Une tante tentatrice

Hétéro

Tu ne m’as pas du tout attiré quand je t’ai rencontrée. Tu empestais la clope et avais cet air qu’ont les femmes paumées.


C’était l’anniversaire de ta nièce. Je la connaissais depuis l’enfance, mais je ne t’avais jamais vue : “une tante éloignée avec qui j’ai repris contact” qu’elle m’a dit. Je n’aime pas les soirées ; jouer l’hypocrite en buvant, fumant, et parlant avec des gens qui n’ont rien d’intéressant à dire, je préfère rester seul. Mais voilà, ta nièce avait toujours été là pour moi et je n’avais pas envie de l’insulter en inventant une excuse bidon pour ne pas sortir de chez moi. Il n’y a qu’à te regarder pour voir qu’elle n’a pas eu de chance en famille et mérite mieux en amis.


La soirée battait son plein quand tu es venue vers moi. Je ne sais pas ce qui t’a attirée. Tu as dû voir que je me faisais chier et tu t’es dit que tu allais faire ta bonne action de la journée. Tes premiers mots avaient pour but de me faire rire et j’ai dû faire l’hypocrite pour ne pas te vexer. Après une dizaine de minutes de banalités et de mes sourires forcés, j’ai su pourquoi tu m’avais approché : tu voulais savoir si j’étais intéressé par ta nièce.

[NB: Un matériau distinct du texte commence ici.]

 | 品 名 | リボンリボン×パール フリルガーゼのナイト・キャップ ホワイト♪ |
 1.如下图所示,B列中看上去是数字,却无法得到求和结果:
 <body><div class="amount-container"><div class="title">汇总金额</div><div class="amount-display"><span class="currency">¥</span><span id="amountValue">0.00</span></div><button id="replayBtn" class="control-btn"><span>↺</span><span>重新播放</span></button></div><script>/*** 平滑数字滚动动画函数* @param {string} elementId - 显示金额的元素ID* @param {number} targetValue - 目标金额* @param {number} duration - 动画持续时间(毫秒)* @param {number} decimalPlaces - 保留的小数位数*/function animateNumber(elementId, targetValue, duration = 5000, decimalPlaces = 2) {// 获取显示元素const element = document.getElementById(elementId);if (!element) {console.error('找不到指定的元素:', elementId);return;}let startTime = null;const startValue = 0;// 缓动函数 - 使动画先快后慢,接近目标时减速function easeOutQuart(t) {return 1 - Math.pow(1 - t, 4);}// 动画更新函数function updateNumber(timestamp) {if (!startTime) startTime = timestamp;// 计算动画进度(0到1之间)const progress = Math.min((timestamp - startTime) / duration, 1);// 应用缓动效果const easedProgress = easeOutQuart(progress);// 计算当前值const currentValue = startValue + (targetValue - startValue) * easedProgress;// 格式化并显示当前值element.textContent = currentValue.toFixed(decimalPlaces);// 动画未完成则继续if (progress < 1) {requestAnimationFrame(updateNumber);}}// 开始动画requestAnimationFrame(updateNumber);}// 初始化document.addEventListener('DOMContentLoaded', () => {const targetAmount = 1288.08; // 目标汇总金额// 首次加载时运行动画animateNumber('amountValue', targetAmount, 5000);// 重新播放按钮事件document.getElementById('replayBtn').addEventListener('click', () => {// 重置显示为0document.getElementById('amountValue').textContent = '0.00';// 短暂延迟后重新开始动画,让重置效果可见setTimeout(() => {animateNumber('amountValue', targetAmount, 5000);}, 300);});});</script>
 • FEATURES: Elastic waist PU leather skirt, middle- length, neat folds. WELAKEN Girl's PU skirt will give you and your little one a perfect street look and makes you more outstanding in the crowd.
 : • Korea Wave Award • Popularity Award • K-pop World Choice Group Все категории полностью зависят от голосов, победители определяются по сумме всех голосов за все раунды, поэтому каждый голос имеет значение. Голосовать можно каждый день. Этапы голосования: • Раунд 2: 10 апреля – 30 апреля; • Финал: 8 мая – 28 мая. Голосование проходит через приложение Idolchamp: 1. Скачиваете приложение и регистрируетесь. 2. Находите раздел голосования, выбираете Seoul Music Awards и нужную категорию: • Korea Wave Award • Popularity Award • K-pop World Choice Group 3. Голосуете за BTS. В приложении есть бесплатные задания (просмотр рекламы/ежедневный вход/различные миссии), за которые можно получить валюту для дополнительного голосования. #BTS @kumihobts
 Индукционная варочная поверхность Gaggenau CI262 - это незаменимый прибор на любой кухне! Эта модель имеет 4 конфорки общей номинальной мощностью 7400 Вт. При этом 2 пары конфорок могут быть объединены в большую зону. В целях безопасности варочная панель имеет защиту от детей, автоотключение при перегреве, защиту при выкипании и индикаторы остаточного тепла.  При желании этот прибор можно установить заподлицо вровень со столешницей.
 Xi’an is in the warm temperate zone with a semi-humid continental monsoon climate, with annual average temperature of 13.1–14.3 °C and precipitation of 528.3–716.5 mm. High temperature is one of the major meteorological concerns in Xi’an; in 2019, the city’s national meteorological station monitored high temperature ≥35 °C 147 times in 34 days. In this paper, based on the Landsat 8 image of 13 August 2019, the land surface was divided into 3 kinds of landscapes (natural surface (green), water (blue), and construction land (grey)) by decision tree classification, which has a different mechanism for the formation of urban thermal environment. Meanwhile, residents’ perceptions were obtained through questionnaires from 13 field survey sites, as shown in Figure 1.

Non.


Tu n’as pas abandonné. Tes questions sont devenues plus personnelles et tu as même essayé de me la vendre. Toujours non. Je commençais à en avoir assez et j’ai prétexté des verres à remplir pour pouvoir partir. J’ai pu voir une touche de déception sur ton visage et je me suis dit que tu ne serais pas si moche si tu prenais un peu confiance en toi.

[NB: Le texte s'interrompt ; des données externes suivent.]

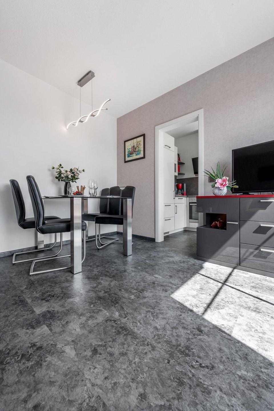 Die großzügige und geschmackvoll eingerichtete Ferienwohnung verfügt über ein gemütliches Schlafzimmer, in dem Sie nach erlebnisreichen Tagen zur Ruhe kommen können. Der Wohnbereich ist modern und einladend, ausgestattet mit einem Fernseher, der für entspanntes Entertainment sorgt. Hier können Sie gemütliche Abende verbringen oder einfach die Ruhe genießen. Außerdem steht Ihnen eine voll ausgestattete, geschlossene Küche zur Verfügung, die mit einem Herd, Backofen, Kühlschrank, Gefrierfach, Spülmaschine, Wasserkocher, Toaster und einer Kaffeemaschine auch kulinarische Genüsse erlaubt. Ob Frühstück auf der Terrasse oder ein gemeinsames Abendessen – hier können Sie nach Herzenslust selbst kochen.
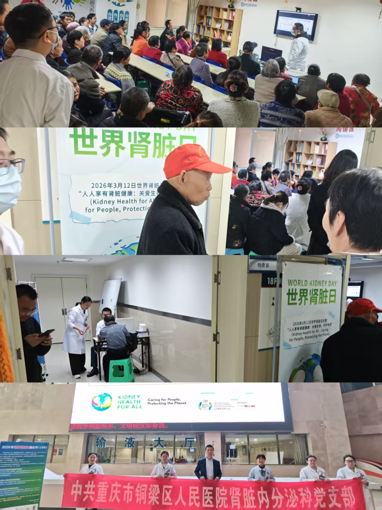 国际肾脏病学会(ISN)和国际肾脏基金会联合会∙世界肾脏联盟(IFKF-WKA)于2006年联合发启,将每年3月的第二个星期四确定为世界肾脏日(WorldKidneyDay)。2026年3月12日是第二十一个世界肾脏日。为提高公众对慢性肾脏病的认知,呼吁公众知晓肾脏病的严重危害,早筛查和重视肾脏病与环境变化的关系,重庆市铜梁区人民医院肾脏内分泌科联合重医附一院血管通路团队于今日在我院门诊大厅及肾
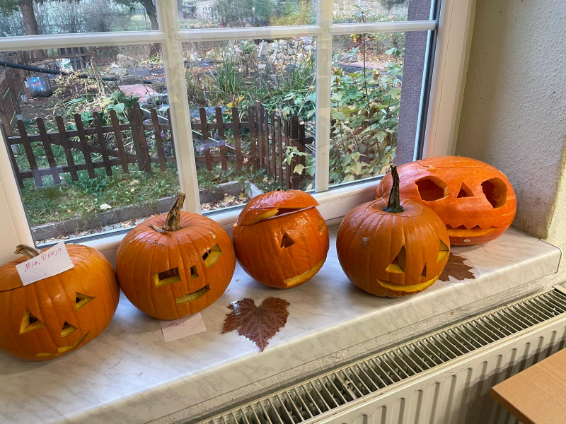Dank einer großzügigen Spende konnten über 50 Kürbisgeister in die Schule einziehen. Doch mit dem letzten Schultag mussten sie leider alle das Schulgebäude verlassen. Zu Halloween werden sie dann bei den Kindern zu Hause rumgeistern.

J’ai essayé de rester occupé. Je ne voulais pas te donner une chance de m’approcher une seconde fois. Je suis allé vers d’autres personnes. En temps normal, je serais resté dans mon coin à attendre que le temps passe, mais je n’avais pas envie que ta nièce ait de mauvais retours sur moi. J’ai parlé à quelques-uns de ses potes. Tu serais heureuse d’apprendre qu’eux sont intéressés par ta nièce. Si tu allais leur parler, tu saurais qu’ils aiment particulièrement sa qualité de partageuse et de... enfin bref, ça rime.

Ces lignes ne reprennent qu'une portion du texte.